Click the image for our full review!Click the image for our full review!

Tell me if you’re heard this one before – two girls and two guys are somewhere without any means of transportation, so a kindly stranger offers them a ride.  As it turns out, though, this stranger isn’t as kindly as originally expected, and soon blood is flowing, people are stabbed, shot, run over, de-fingered, and abused.

ShuttleWhile the premise of Shuttle isn’t anything new, it’s hard to fault a film this good for a lack of originality.  Mel (Peyton List) and Jules (Cameron Goodman) are two girls just coming back from a party weekend in Mexico.  While this was supposed to be sort of a bachelorette weekend, Mel reveals upon their return that her fiance and her are no longer together – apparently he’s kind of a cheating jerk.  They run into two guys in the airport, Matt (Dave Power) and Seth (James Snyder).  Seth is kind of a party guy and starts hitting on Jules – it isn’t long before they hit it off and the two guys turn down their original ride home from the airport and ride an airport shuttle with the girls.  Also on board is accountant Andy (Cullen Douglas), who fills the role of the whiny loser.  It doesn’t take long for the shuttle driver to reveal his true intentions and the shuttle ride turns into a fight for survivial.

It’s hard to imagine that they found a way to set a suspense movie (and one that’s an hour and forty five minutes long) on a small airport shuttle, but, surprisingly, it works.  While it is guilty of some of the usual trappings (a little bit of repetition, dragging a bit, an escalated need to suspend disbelief), it compensates for its faults with good acting and genuine suspense.  You kind of know who’s going to make it to the end of the film, but still some of the deaths will catch you by surprise, and all of them are pretty grisly.

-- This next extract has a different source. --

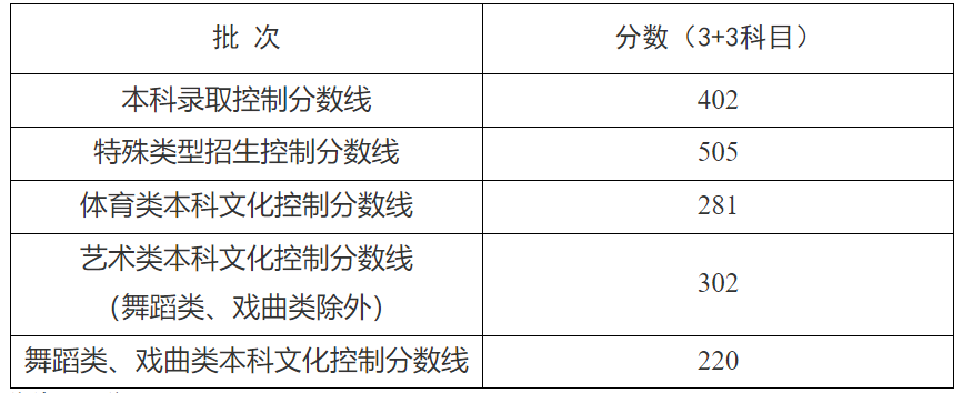 体育类历史类别文化349分、专业261分;体育类物理类别文化325分、专业261分。艺术类平行组中,音乐类文化324分、专业203分;舞蹈类文化303分、专业225分;播音与主持类文化405分、专业211分;美术与设计类文化324分、专业218分;书法类文化324分、专业230分;表(导)演类分3个方向,其中,服装表演类文化303分、专业220分,戏剧表演类文化303分、专业240分,戏剧影视导演类文化303分、专业239分。高职专科录取控制分数线:普通类200分;艺术、体育类文化160分,专业155分。
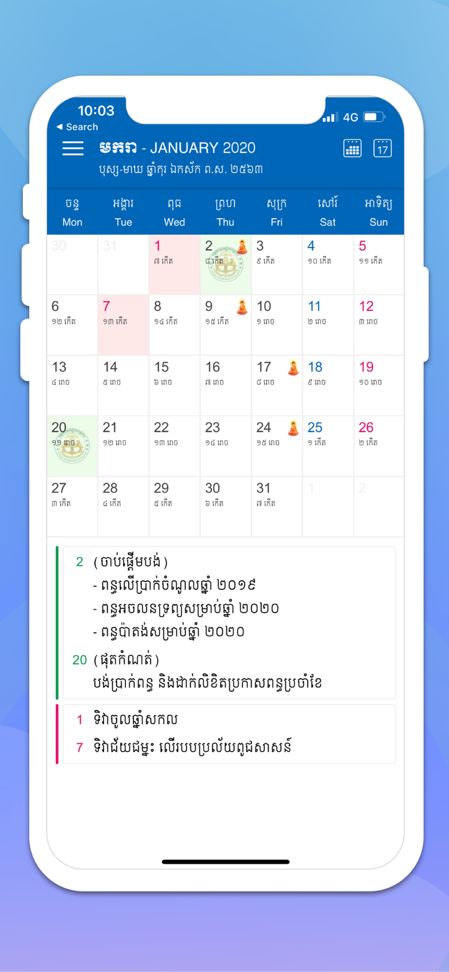 It is also including the Cambodia public holidays and Buddhist days.

I feel like about 15/20 minutes could have probably been trimmed, but it’s hard to tell what would be a weak part of the film in need of trimming.  Even the stuff that happens, literally, to change nothing, is well done and entertaining.  It’s just hard to justify this length of film for such a small amount of story.

Still, definitely worth checking out if you’re in the mood for a suspense film with a decent amount of blood and some decent kills.  For fans of flicks like Vacancy and P2.

Paul's Awesomeness Score - 8Paul’s Awesomeness Score – 8 out of 10!